The focus on GLP-1’s as a weight loss tool is clearly understood as very powerful & effective at quickly reducing body weight. We also know that in order to maintain a certain weight, these are long term / forever drugs, like blood pressure medication or statins tend to be. However, the long term impact of this class of drugs is not known because they haven’t been in existence for very long.
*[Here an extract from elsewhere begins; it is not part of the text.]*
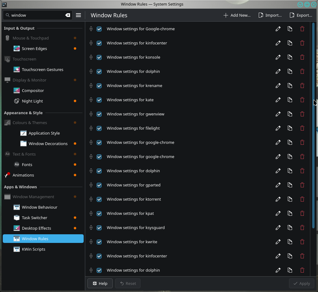 Tive uma curta experiência com tilling windows, e não gostei. – Ainda uso KWin para que cada aplicativo “lembre” a posição, formato e tamanho das respectivas janelas. – Cada app abre sempre nas mesmas posições e formatos que escolhi. (Um hábito que mantenho desde o WinXP, que deletei em 2016):
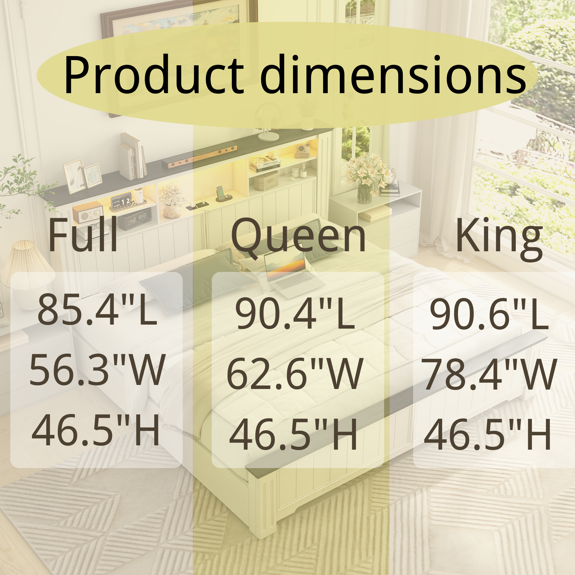 Queen: 90.4"L×62.6"W×46.5"H

We are starting to understand that currently available GLP-1 drugs cause both a loss of fat mass and lean mass, such as muscle and bone. Weight loss through diet and exercise also cause a loss of fat and lean mass, typically a ratio of 25% lean mass to 75% fat mass.4 This makes sense because when our bodies have excess fat, there is an associated muscle & bone infrastructure needed to support the weight. Most GLP-1 drugs have shown a higher lean mass loss than diet and exercise alone. A single agonist GLP-1 has shown up to 40% lean mass loss in a 72 week clinical trial.5 The body requires more energy when there is a greater amount of lean mass compared to fat mass, so a reduction in lean mass will reduce metabolic rate. A reduced metabolic rate means the body requires fewer calories to maintain equilibrium weight. Those who discontinue the drug will be in a position to have less muscle while fat is relatively rapidly regained, likely in a worse physical condition than if they hadn’t taken the GLP-1 drugs in the first place. It is not known how lean mass is impacted over a longer term than 72 weeks.
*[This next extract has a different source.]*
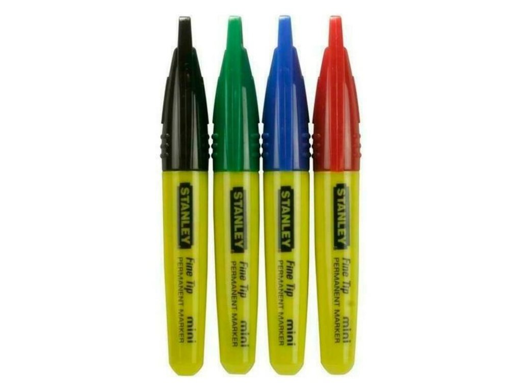 Mini značkovač Stanley. Možnosť 4 farieb: červenú, zelenú, modrú a čiernu. Atrament je permanentný a vodeodolný. Je vhodný na značenie na betón, meď, drevo, kov a ďalšie materiály.

We also do not know how small molecule GLP-1 agonists will impact lean mass loss. We do know that GLP-1’s cause people to consume less calories, which leads the body to use energy stored within the body, such as fat and protein. An agonist that only interacts with the GLP-1 receptor seems to be more likely to cause a greater proportion of lean mass loss than those with multiple agonists. Ozempic / Wegovy (Semaglutide) only interacts with GLP-1 receptors and has the 40% lean mass loss at 72 weeks as previously mentioned. Multi-agonists such as Tirzepatide (GIP & GLP-1) and Pemvidutide (GLP-1 and GCGR) appear to be able to maintain lean mass at a higher rate. Tirzepatide has a lean mass loss of approximately 29%,6 where Pemvidutide has an industry leading lean mass loss of approximately 21%.7

Which Is Better?

My prediction is peptide-based GLP-1’s and similar agonists will in the long term be the gold standard for this class of medicine in terms of body composition. The elderly, health nuts, and those with health conditions where loss of lean mass puts them at a higher risk. Small molecules have the potential to bring this class of medication to a wider demographic, and additional small molecules may be able to address some of the downsides of single agonist weight loss medications. Both are needed to address the obesity epidemic.

Disclaimer: This article is intended for informational purposes only and does not constitute medical or financial advice. It is essential to consult with a qualified healthcare professional for any health concerns or before making any decisions related to your health or treatment. While I strive to be factual at all times, I cannot guarantee the accuracy of these statements.